Therefore, only changing/improving clean_duplicates_mro would mean that either duplicate-bases would never be caught again for dataclasses or that there will still be crashes. So whatever the fix will be, something definitely has to change in the brain_dataclasses.py module as well. Either it has to catch and handle potential errors or tell scoped_nodes.py to ignore them.

Another example to consider is the comparison between the following code snippets:

class Duplicates(str, str):
  pass

and

import dataclasses

@dataclasses.dataclass
class Duplicates(str, str):
  pass

For the first one Pylint finishes linting and reports duplicate-bases error, for the second one Pylint crashes because brain_dataclasses.py doesn't handle DuplicateBasesError. Neither of the snippets is actually a valid Python code because of a TypeError at runtime. But I assume crashes are never a desired outcome, right?

AleksMat avatar Oct 31 '24 10:10 AleksMat

Hmm yeah I understand the problem a little better now.

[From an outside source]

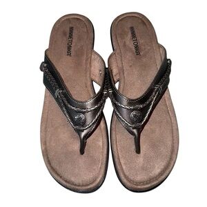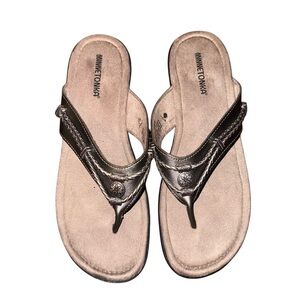 Minnetonka Silverthorne Leather Thong Pewter Silver Flip Flops Women's Size 11

@jacobtylerwalls do you have an opinion here? I have tried all day but couldn't come up with a better solution than this boolean flag, but I don't really like it.

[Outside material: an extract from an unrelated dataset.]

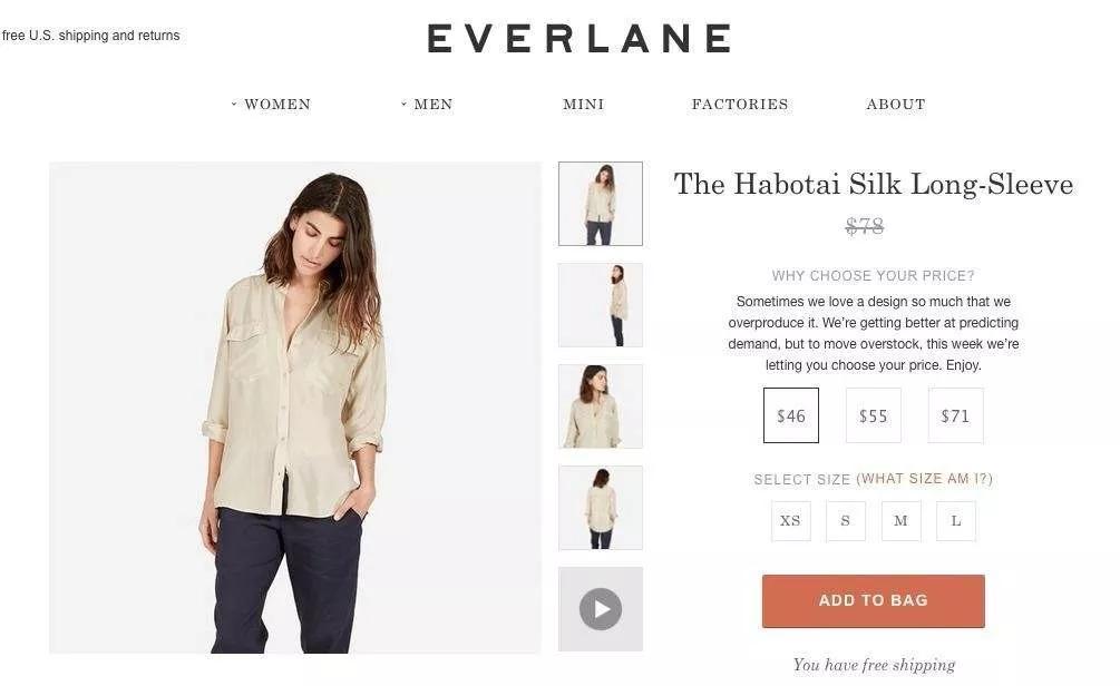比如一件原价 78 美金的衬衫,Everlane 提供了 $46、$55 和 $71 三档价格。46美金包括了生产和运输成本;55美金的那档价格,网页上会显示:这个价格能让我们赚9美金,还能有富余给团队;选择71美金会显示:“这个价格能让我们更好地成长。谢谢支持!”

DanielNoord avatar Oct 31 '24 20:10 DanielNoord

My thought is that brain_dataclasses.py should be catching MroError when it calls .mro(). That's the pattern I see elsewhere.

jacobtylerwalls avatar Nov 01 '24 02:11 jacobtylerwalls

But here we actually want to compute the mro. If we were to catch the exception there is no way for us to determine the correct mro of the class and can't construct it in the brain.

DanielNoord avatar Nov 01 '24 07:11 DanielNoord

That seems fine to me. This is an edge case, no? And there are other errors that subclass MroError we should catch also, I think.

jacobtylerwalls avatar Nov 01 '24 10:11 jacobtylerwalls